10 Mar

On the 8th of march, it was international women’s day 2022. In light of the day, the UK government (Minister for women, Baroness Stedman Scott) launched 2 pay transparency pilots. 

These initiatives are to advance women’s employment opportunities through improving transparency within the job application process surrounding salary/pay, in addition to aiding businesses in improving their gender demographics; this will encourage women to make up a larger proportion of positions.  

Closing the salary gap 

Within this initiative, a salary range will be shown on job advertisements and applicants will not have to disclose their salary history- this should not be asked about during recruitment. This combined will help women to negotiate their salary expectations without their gender affecting the range they are offered or their history influencing an employer’s decision on how much their ability is worth.  

Getting women back into STEM  

STEM refers to science, technology, engineering and math. Careers in such fields are male dominated which arguably stems from institutionalised sexism. Historically, in education boys and girls are pushed towards specific subject choices- where boys are in the direction of subjects like science, technology, engineering and maths. This essentially places and invisible/ psychological barrier in front of women, preventing them from even having the thought of perusing careers in these realms of the working world.  It teaches society form a young age that specific fields of work are gendered. This makes it hard to pursue STEM careers as it is ingrained into society that these are stereotypically masculine occupations. This initiative seeks to help women with exactly this, so they can reject outdated norms and values surrounding gender bound rules.   

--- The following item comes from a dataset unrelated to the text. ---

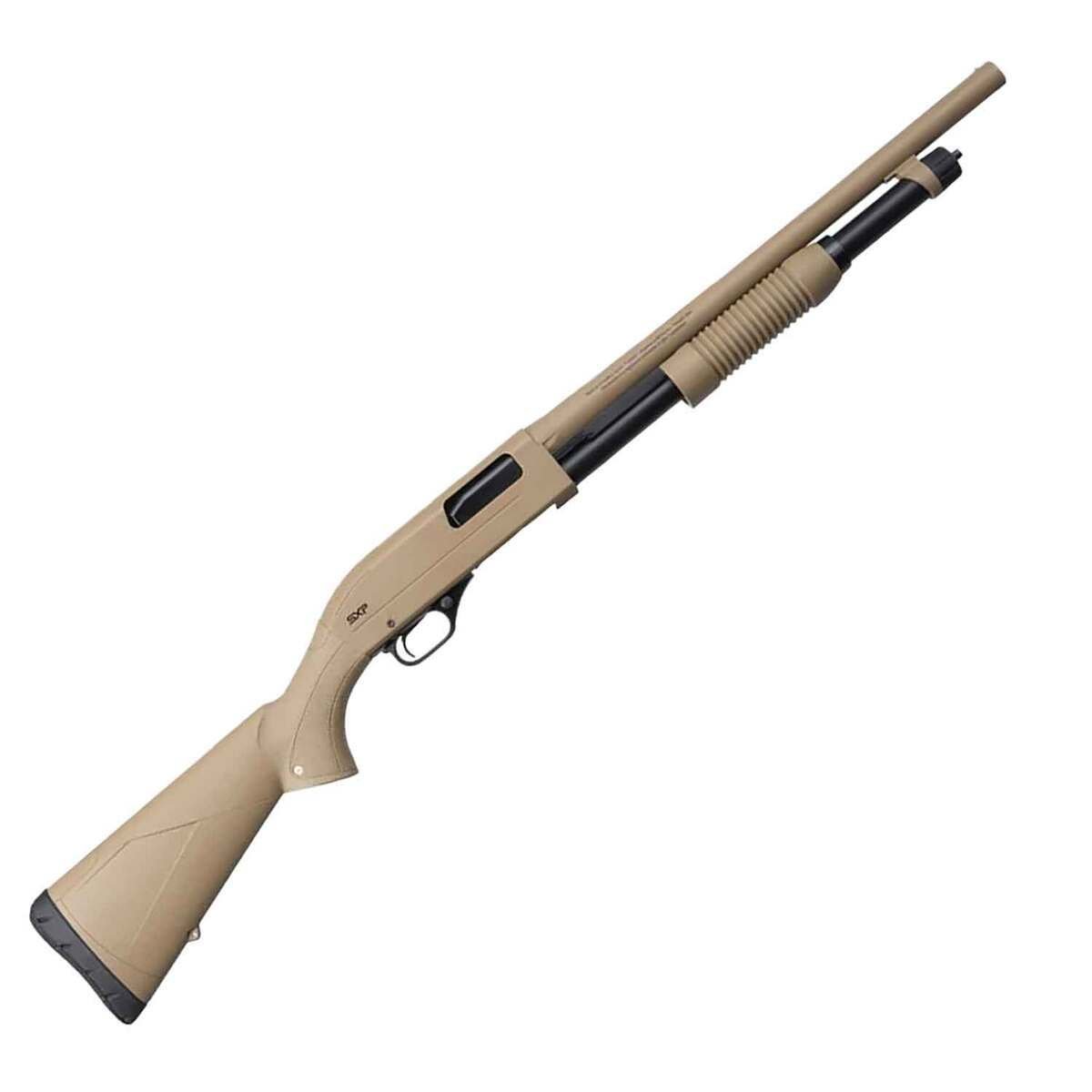 Winchester SXP Defender Flat Dark Earth 12 Gauge 3in Pump Shotgun – 18in – The SXP Defender from Winchester is a compact and versatile shotgun for any facet of defensive use. The shotgun uses the classic and reliable pump action to operate and has some other features that assist in keeping this gun running. one of these features is the use of chrome plating on the inside of the chamber and barrel for improved reliability and an added level of longevity. The barrel comes with a cylinder bore for optimal use with buckshot or slugs. The shot gun is also given a Cerakote coating to further protect the shotgun no matter where you are. Making this shot gun an excellent option for home defense or bear protection while out in the wild. So get more then a regular defense shotgun with the Winchester Defender.

How employers can support the pilots: 

  • Be sure to disclose the salary range on job advertisements 
  • If you are recruiting, do not ask about previous salary/wage 
  • Do not ask questions surrounding family planning. In recruitment this is important as it is sexist to not give the job to the best candidate based on plans to have children. Similarly, you should give promotions to the best candidate, without unconscious bias due to pregnancy plans.